▶ [TASK INSTRUCTIONS]: Pictures are not part of the copy. Reproduce all the records exactly.

▶ [EXERCISE DATA]:
--

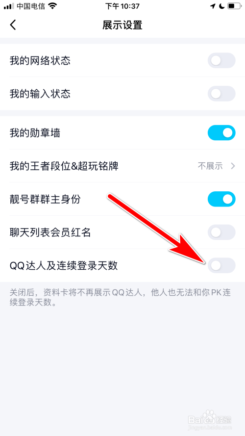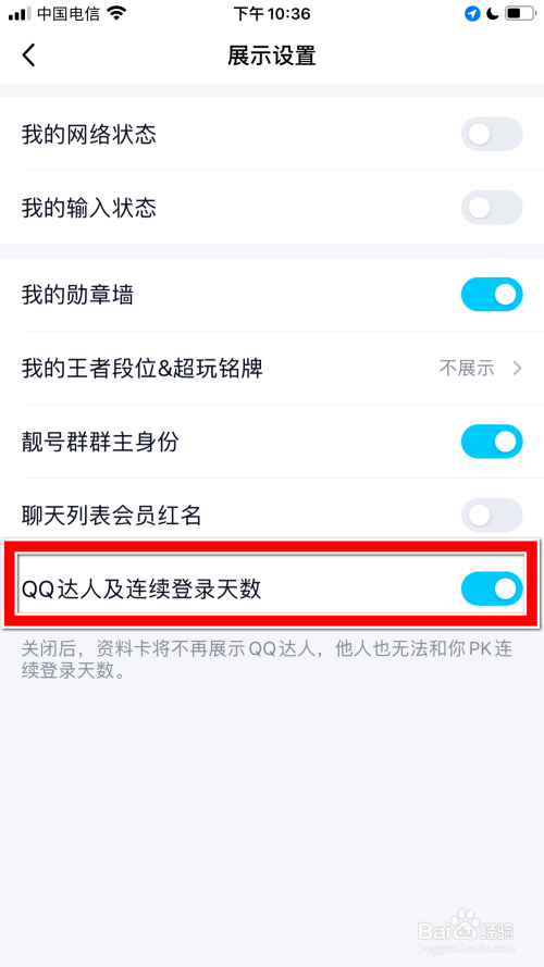 把按钮关掉,即可设置不再展示QQ达人及连续登录天数。
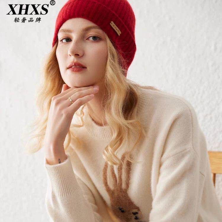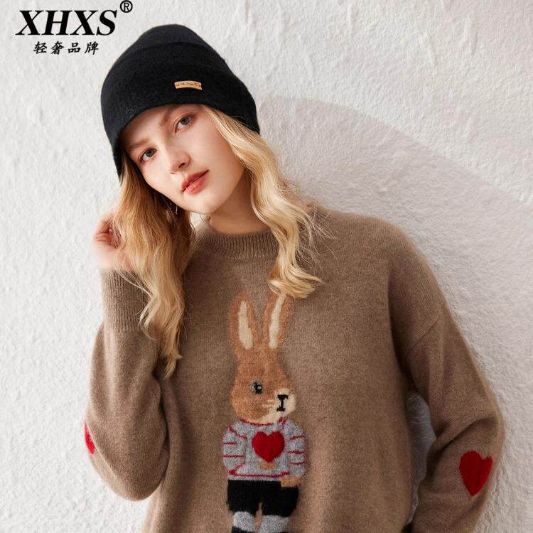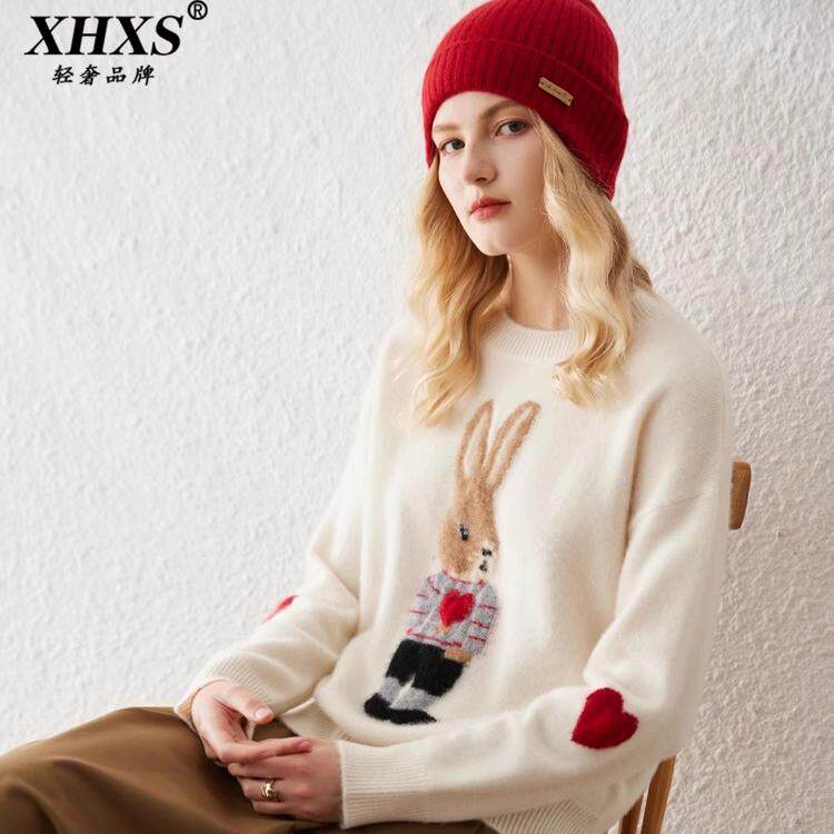天猫XHXS旗舰店,XHXS卡通提花羊绒衫宽松套头
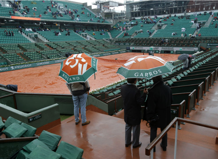 La persistente lluvia obligó a los organizadores del Abierto de Francia a cancelar todos los partidos de hoy lunes, la primera vez en 16 años que ocurre en el torneo Grand Slam que se juega en canchas de arcilla. Los organizadores informaron que los juegos serían reprogramados para mañana martes. Sin ningún encuentro hoy lunes, quienes tengan boletos pueden solicitar reembolsos. La última suspensión total por lluvia en París había sucedido el 30 de mayo de 2000, de acuerdo con los organizadores. El pronóstico del clima en Francia para los próximos días también luce gris, dado que mañana martes se espera más lluvia antes de un cielo despejado que se prevé para el miércoles. Si el clima lo permite, el serbio Novak Djokovic disputará mañana martes un lugar en los cuartos de final cuando se mida ante el español Roberto Bautista Agut, 14to preclasificado. En tanto que el también español David Ferrer jugará ante Tomas Berdych. En la rama femenina, las dos hermanas Williams verán acción mañana martes. La campeona defensora Serena enfrentará a la ucraniana y 18va preclasificada Elina Svitolina, mientras que Venus sostendrá duelo con la subcampeona del año pasado, la suiza Timea Bacsinszky.
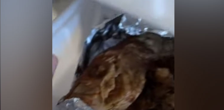 The video by the TikTok user sees the fish meal on an aluminium foil in a box.
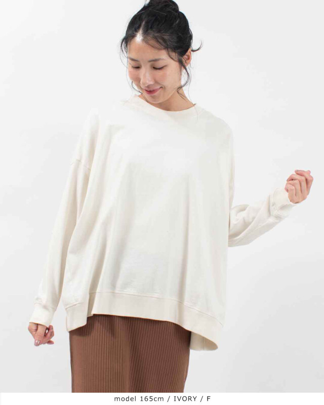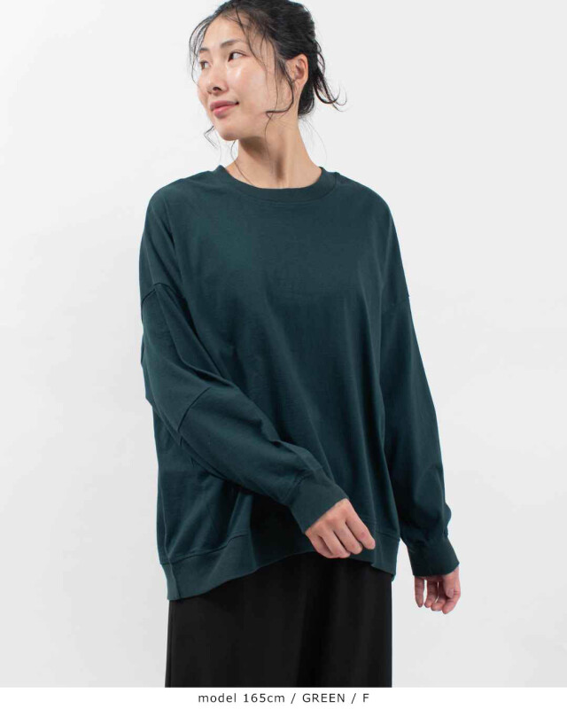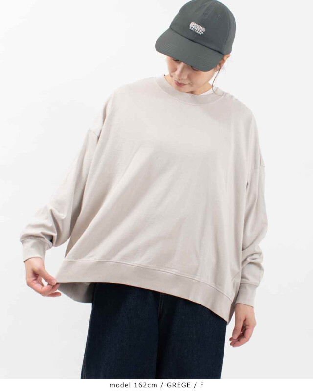 ドライタッチでふっくらした風合いのコットン天竺の長袖カットソー太めのシャリ感のある糸を使用した、しっかりめの中肉素材で一枚でさらりと着ていただけます。

--

▶ [ANSWER SPACE]:
 把按钮关掉,即可设置不再展示QQ达人及连续登录天数。
天猫XHXS旗舰店,XHXS卡通提花羊绒衫宽松套头
 La persistente lluvia obligó a los organizadores del Abierto de Francia a cancelar todos los partidos de hoy lunes, la primera vez en 16 años que ocurre en el torneo Grand Slam que se juega en canchas de arcilla. Los organizadores informaron que los juegos serían reprogramados para mañana martes. Sin ningún encuentro hoy lunes, quienes tengan boletos pueden solicitar reembolsos. La última suspensión total por lluvia en París había sucedido el 30 de mayo de 2000, de acuerdo con los organizadores. El pronóstico del clima en Francia para los próximos días también luce gris, dado que mañana martes se espera más lluvia antes de un cielo despejado que se prevé para el miércoles. Si el clima lo permite, el serbio Novak Djokovic disputará mañana martes un lugar en los cuartos de final cuando se mida ante el español Roberto Bautista Agut, 14to preclasificado. En tanto que el también español David Ferrer jugará ante Tomas Berdych. En la rama femenina, las dos hermanas Williams verán acción mañana martes. La campeona defensora Serena enfrentará a la ucraniana y 18va preclasificada Elina Svitolina, mientras que Venus sostendrá duelo con la subcampeona del año pasado, la suiza Timea Bacsinszky.
 The video by the TikTok user sees the fish meal on an aluminium foil in a box.
 ドライタッチでふっくらした風合いのコットン天竺の長袖カットソー太めのシャリ感のある糸を使用した、しっかりめの中肉素材で一枚でさらりと着ていただけます。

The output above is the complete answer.